▸ Task goal
Every line of the material is to be returned verbatim. Pictures stay out.

▸ Supplied entries
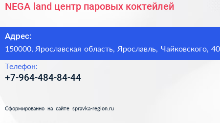 NEGA.land, центр паровых коктейлей по адресу 150000, Ярославская область, Ярославль, Чайковского, 40 в дальнейшем Организация, размещена в следующих категориях:
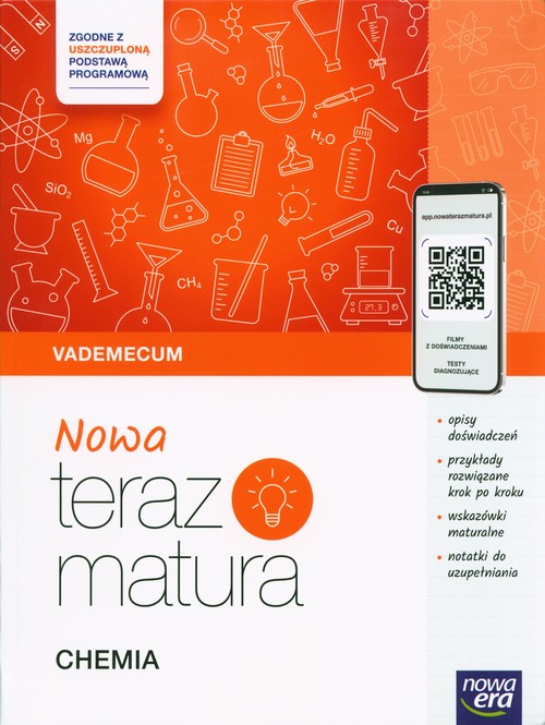 Vademecum ,,NOWA Teraz matura. Chemia"" pozwala uporządkować i powtórzyć treści przed egzaminem. Jest w pełni skorelowane ze Zbiorem zadań maturalnych ,,NOWA Teraz matura. Chemia. Część 1. i 2."" i zawiera kody dostępu do dodatkowych materiałów na app.nowaterazmatura.pl.
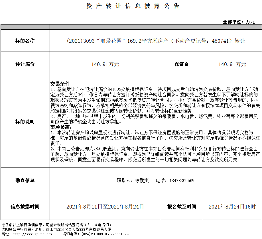 “麗景花園”169.2平方米房產(chǎn)(不動產(chǎn)登記號450741)轉(zhuǎn)讓
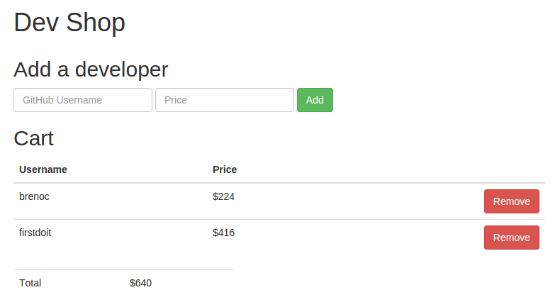 - Replace input text by a list of developers with name, photo, price and a button "Add to Cart".
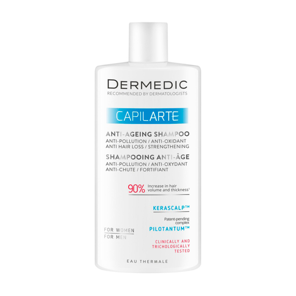 Шампунь Dermedic Capilarte Anti-Ageing разработан для комплексной борьбы с возрастными изменениями волос и кожи головы. Активные компоненты, включая кофеин, экстракт яблока Malus domestica, базилика и специализированные комплексы Kerascalp и Pilotantum, направлены на замедление старения фолликулов, предотвращение выпадения и восстановление жизненной силы волос. Подходит для различных видов алопеции и ослабленных волос.
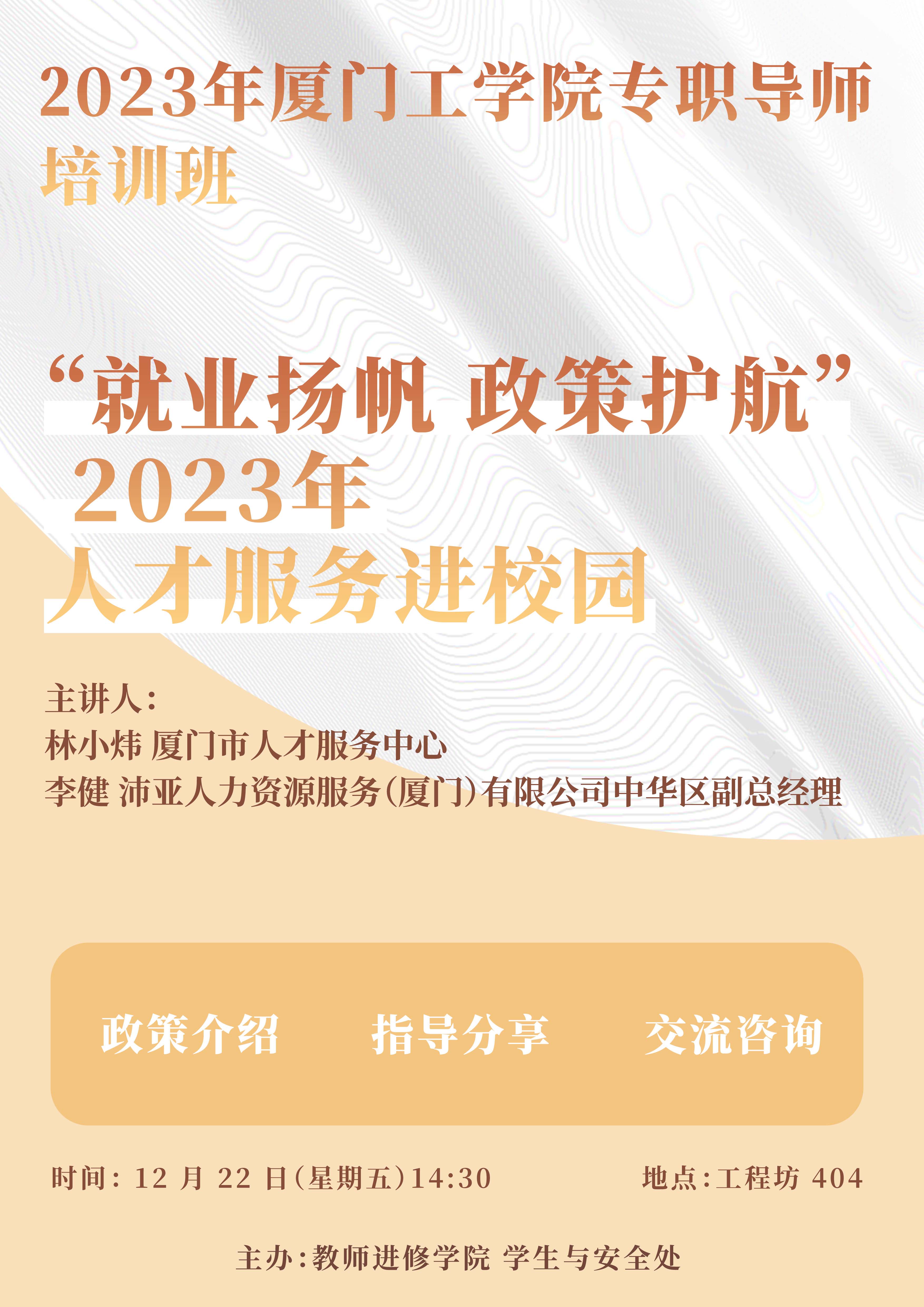 各学院、各部门:兹定于12月22日组织厦门工学院专职导师培训班:“就业扬帆,政策护航”2023年人才服务进校园,现将有关事宜通知如下:一、时间:2023年12月22日 (周五)14:30二、地点:工程坊404三、主题:就业扬帆,政策护航”2023年人才服务进校园四、主讲人:厦门市人才服务中心 林小炜

▸ Output of the exercise
 NEGA.land, центр паровых коктейлей по адресу 150000, Ярославская область, Ярославль, Чайковского, 40 в дальнейшем Организация, размещена в следующих категориях:
 Vademecum ,,NOWA Teraz matura. Chemia"" pozwala uporządkować i powtórzyć treści przed egzaminem. Jest w pełni skorelowane ze Zbiorem zadań maturalnych ,,NOWA Teraz matura. Chemia. Część 1. i 2."" i zawiera kody dostępu do dodatkowych materiałów na app.nowaterazmatura.pl.
 “麗景花園”169.2平方米房產(chǎn)(不動產(chǎn)登記號450741)轉(zhuǎn)讓
 - Replace input text by a list of developers with name, photo, price and a button "Add to Cart".
 Шампунь Dermedic Capilarte Anti-Ageing разработан для комплексной борьбы с возрастными изменениями волос и кожи головы. Активные компоненты, включая кофеин, экстракт яблока Malus domestica, базилика и специализированные комплексы Kerascalp и Pilotantum, направлены на замедление старения фолликулов, предотвращение выпадения и восстановление жизненной силы волос. Подходит для различных видов алопеции и ослабленных волос.
 各学院、各部门:兹定于12月22日组织厦门工学院专职导师培训班:“就业扬帆,政策护航”2023年人才服务进校园,现将有关事宜通知如下:一、时间:2023年12月22日 (周五)14:30二、地点:工程坊404三、主题:就业扬帆,政策护航”2023年人才服务进校园四、主讲人:厦门市人才服务中心 林小炜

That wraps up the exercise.